Hacker News new | ask | show | jobs
by hmottestad 454 days ago
This looks like it’s been posted on Reddit 10 years ago:

https://www.reddit.com/r/math/comments/32m611/logic_question...

So it’s likely that it’s part of the training data by now.

5 comments

You'd think so, but both Google's AI Overview and Bing's CoPilot output wrong answers.

Google spits out: "The product of the three numbers is 10,225 (65 * 20 * 8). The three numbers are 65, 20, and 8."

Whoa. Math is not AI's strong suit...

Bing spits out: "The solution to the three people in a circle puzzle is that all three people are wearing red hats."

Hats???

Same text was used for both prompts (all the text after 'For those curious the riddle is:' in the GP comment), so Bing just goes off the rails.

That's a non-sequitur, they would be stupid to run ab expensive _L_LM for every search query. This post is not about Google Search being replaced by Gemini 2.5 and/or a chatbot.
Yes, putting an expensive LLM response atop each search query would be quite stupid.

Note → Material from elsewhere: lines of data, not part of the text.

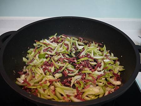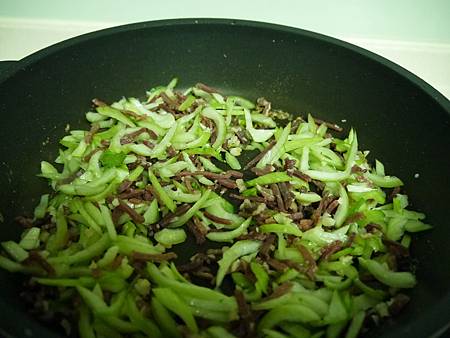 2. 加入青菜菜的梗拌炒
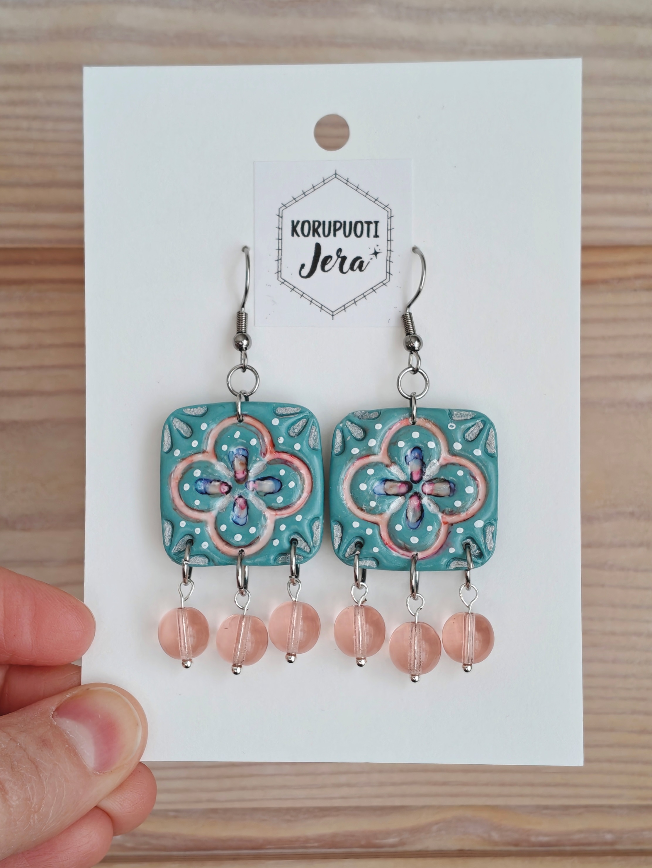 Korvakorut polymeerimassasta ja lasihelmistä. Korkeus koukun kanssa n. 6,5 cm. Koukku ruostumatonta terästä (rst304).
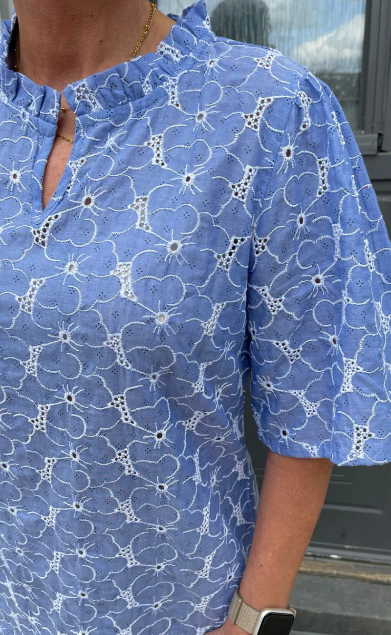 Den smukkeste kjole fra INA Copenhagen i blå med broderede blomster i hvid.
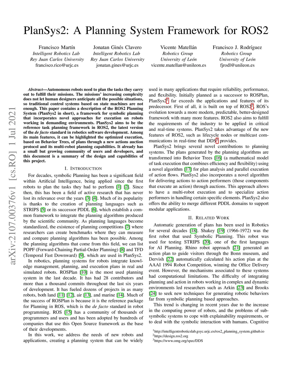 Autonomous robots need to plan the tasks they carry out to fulfill their missions. The missions' increasing complexity does not let human designers anticipate all the possible situations, so traditional control systems based on state machines are not enough. This paper contains a description of the ROS2 Planning System (PlanSys2 in short), a framework for symbolic planning that incorporates novel approaches for execution on robots working in demanding environments. PlanSys2 aims to be the reference task planning framework in ROS2, the latest version of the {\em de facto} standard in robotics software development. Among its main features, it can be highlighted the optimized execution, based on Behavior Trees, of plans through a new actions auction protocol and its multi-robot planning capabilities. It already has a small but growing community of users and developers, and this document is a summary of the design and capabilities of this project.
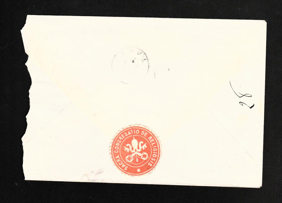 Enveloppe adressée à Mgr l'évêque d'Albi aux bons soins du curé de la Trinité.Postée à Rome en recommandé
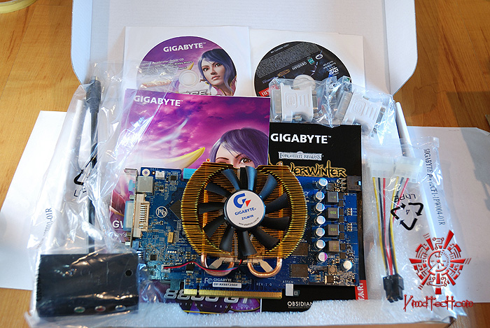 ภายในกล่องก็ของแถมถือว่าใช้ได้ครับ แต่ไม่ถึงกับสุดยอด มีสายสำหรับ AV หัวแปลง DVI พื้นฐาน แล้วก็มีหัว DVI - HDMI สำหรับการต่อเข้า LCD TV รุ่นใหม่ๆด้วยครับ อ้อ มี SPDIF ติดมาให้อีกด้วยครับ เป็นสายไว้โยงเข้าการ์ดเสียงอีกทีนึงนะ เท่าที่ผมสังเกตจากในกล่อง
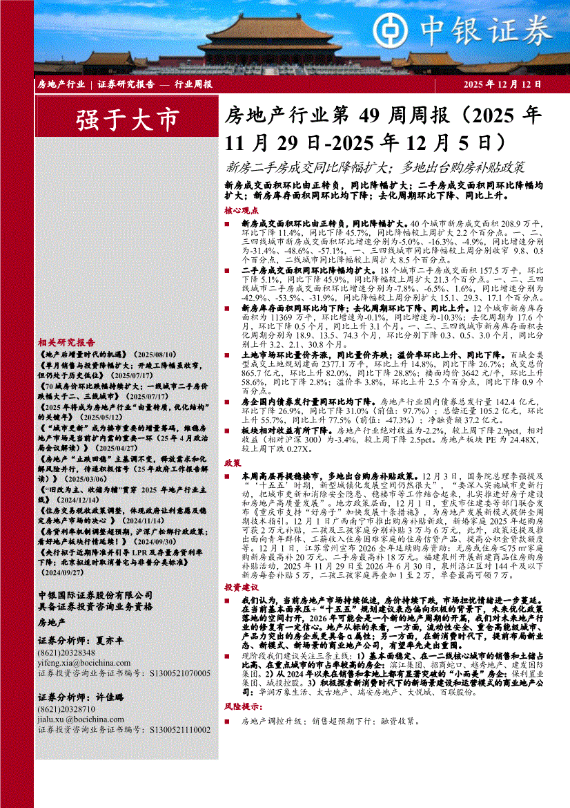 中银国际-房地产行业第49周周报(2025年11月29日~2025年12月5日):新房二手房成交同比降幅扩大;多地出台购房补贴政策-251212
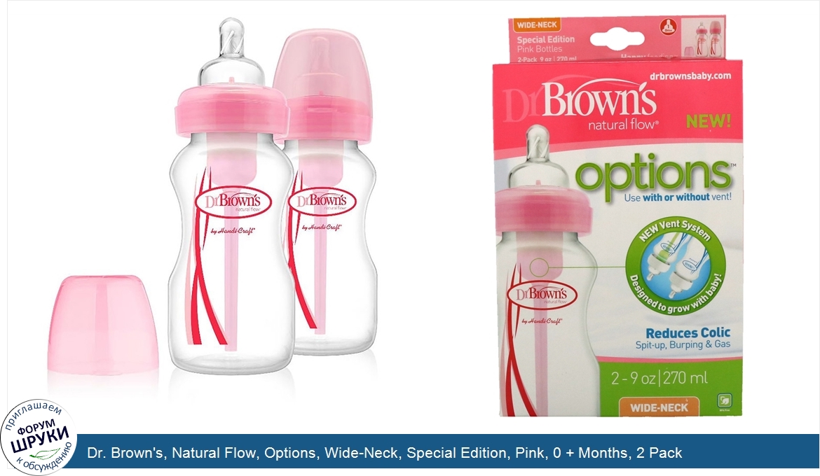 Друзья, если у вас есть отзыв/дополнение/комментарий/вопрос относительно Dr. Brown's, Natural Flow, Options, Wide-Neck, Special Edition, Pink, 0 + Months, 2 Pack Bottles, 9 oz (270 ml) Each - напишите его ответом в эту тему (это будет полезно всему сообществу в целом и вам в отдельности).
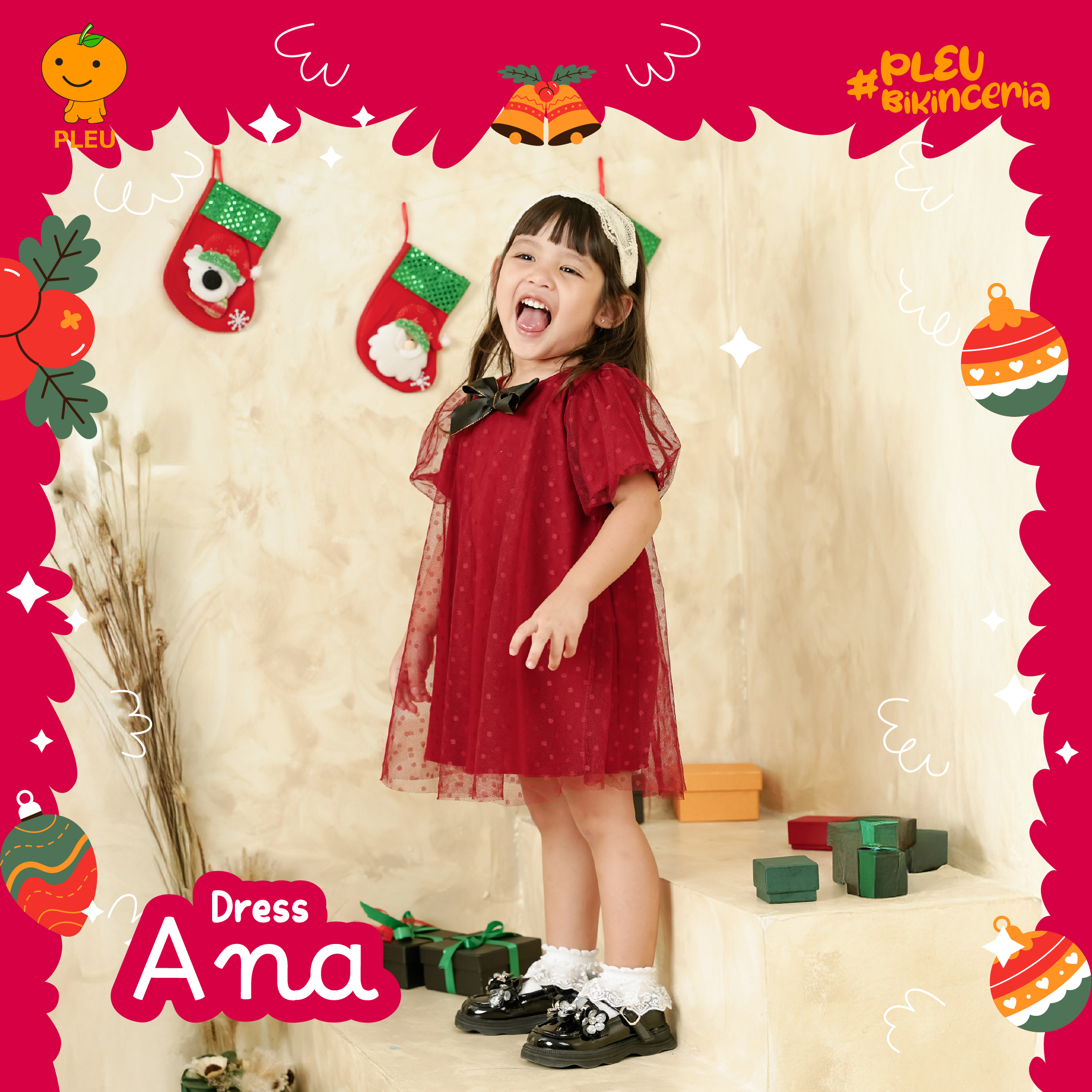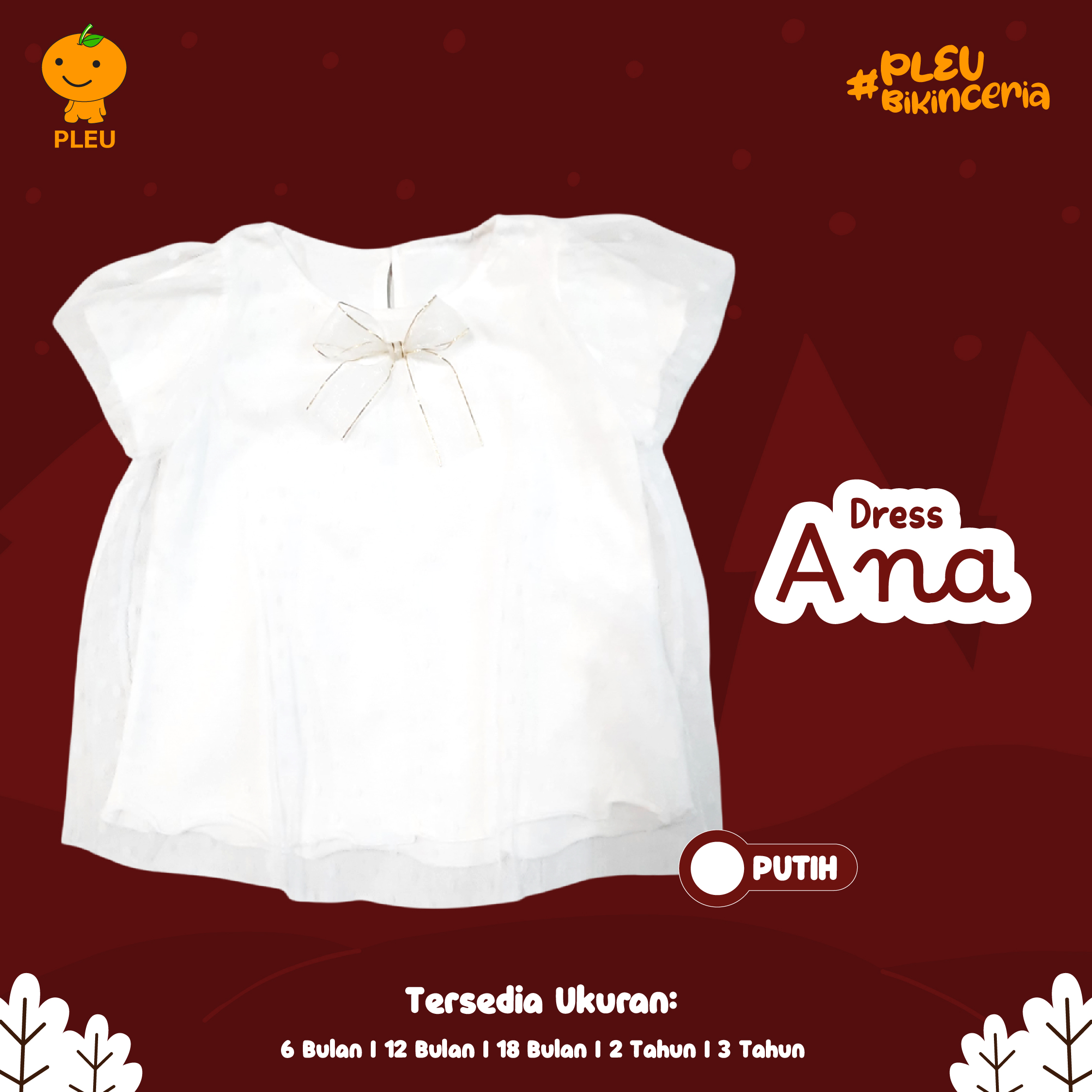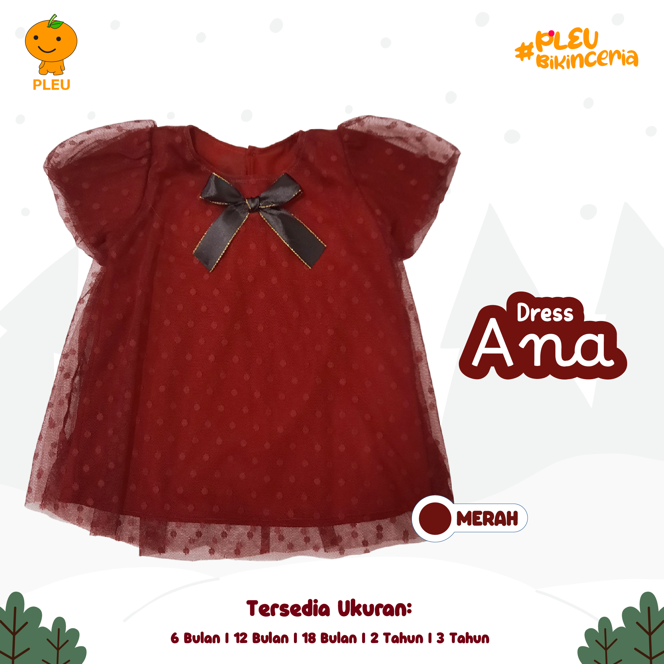 Dress Ana (6 bulan–3 tahun) hadir dalam warna merah dan putih elegan dengan layer tulle bertitik halus yang memberi efek dreamy dan fotogenik—hiasan pita kontras di dada menambah sentuhan manis tanpa berlebihan. Keunikan: model A-line longgar memberi ruang gerak bebas untuk bayi, lengan puff ringkas yang lembut membuat siluet makin imut, dan kancing belakang memudahkan saat mengganti popok; bahan innernya lembut dan breathable sehingga nyaman untuk kulit sensitif. Terbuat dari kain berkualitas yang mudah dirawat dan sudah bersertifikat SNI, bahan tidak mudah pudar dan aman dipakai seharian—pilihan stylish, nyaman, dan aman untuk momen spesial maupun keseharian si kecil.
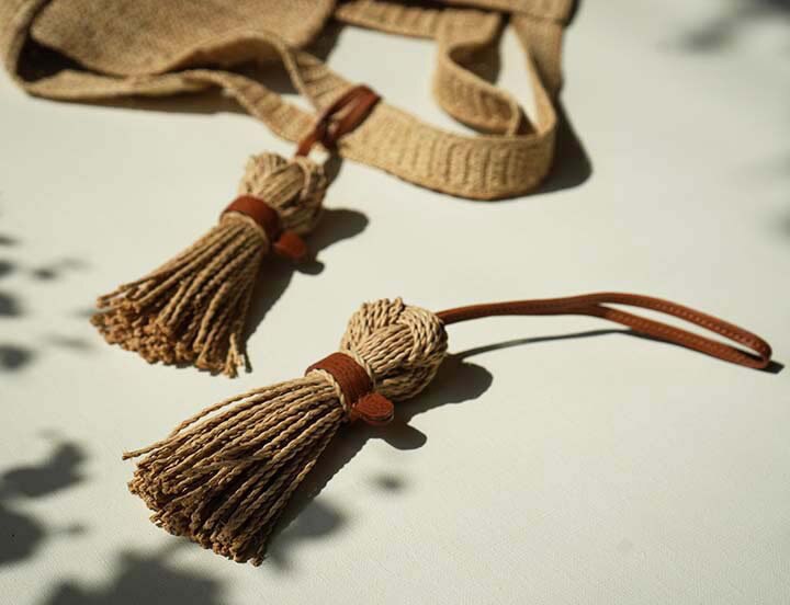 どの型も遊び心がのぞくフリンジのチャーム付き。丁寧に撚ったラフィアを束ねて仕立てたgentenオリジナル。手軽に取り外しができるので、ほかのバッグに付けても楽しめます。
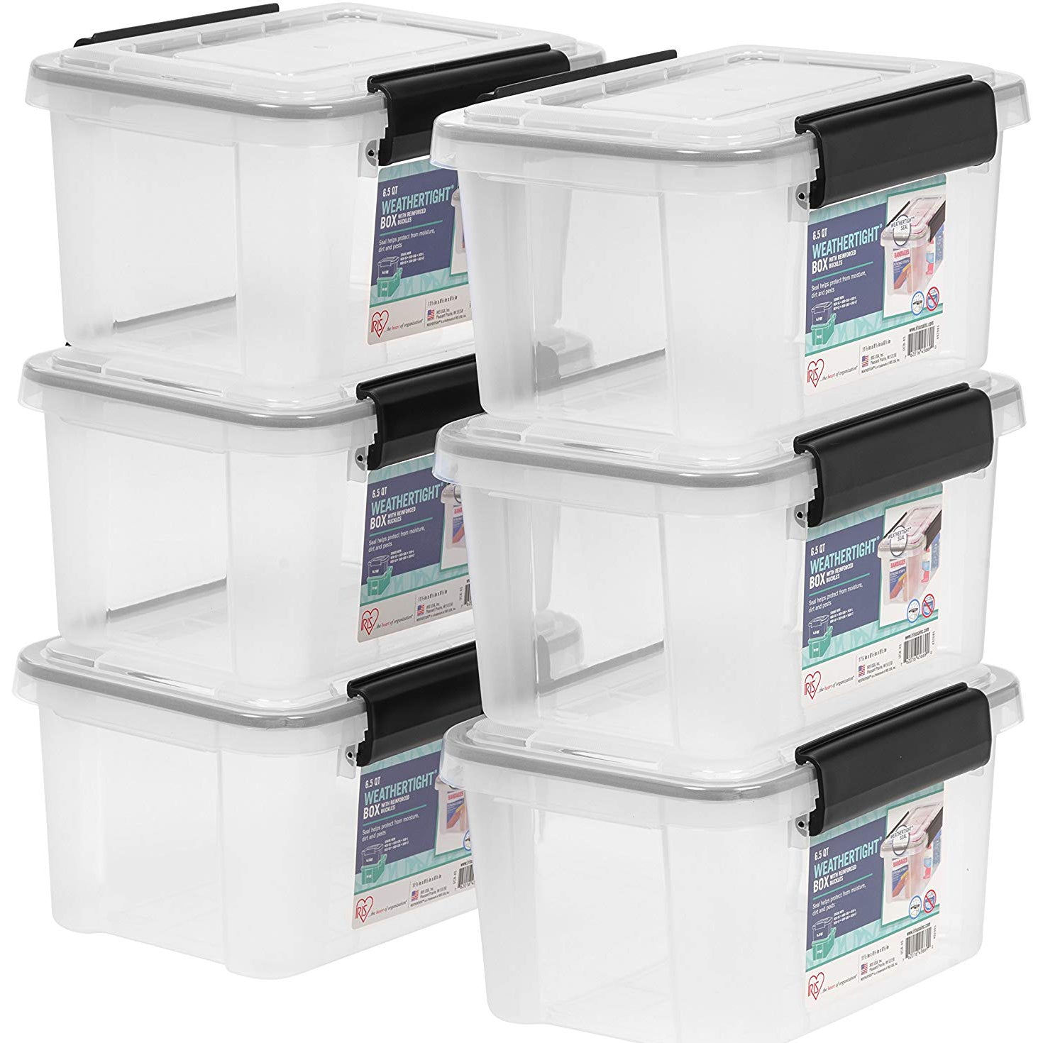 IRIS USA 6.5-Quart Stackable Plastic Clear Storage Box, 6 Pack (Open Box)

You know what would be even stupider? Putting a cheap, wrong LLM response atop each search query.

Google placed its "AI overview" answer at the top of the page.

The second result is this reddit.com answer, https://www.reddit.com/r/math/comments/32m611/logic_question..., where at least the numbers make sense. I haven't examined the logic portion of the answer.

Bing doesn't list any reddit posts (that Google-exclusive deal) so I'll assume no stackexchange-related sites have an appropriate answer (or bing is only looking for hat-related answers for some reason).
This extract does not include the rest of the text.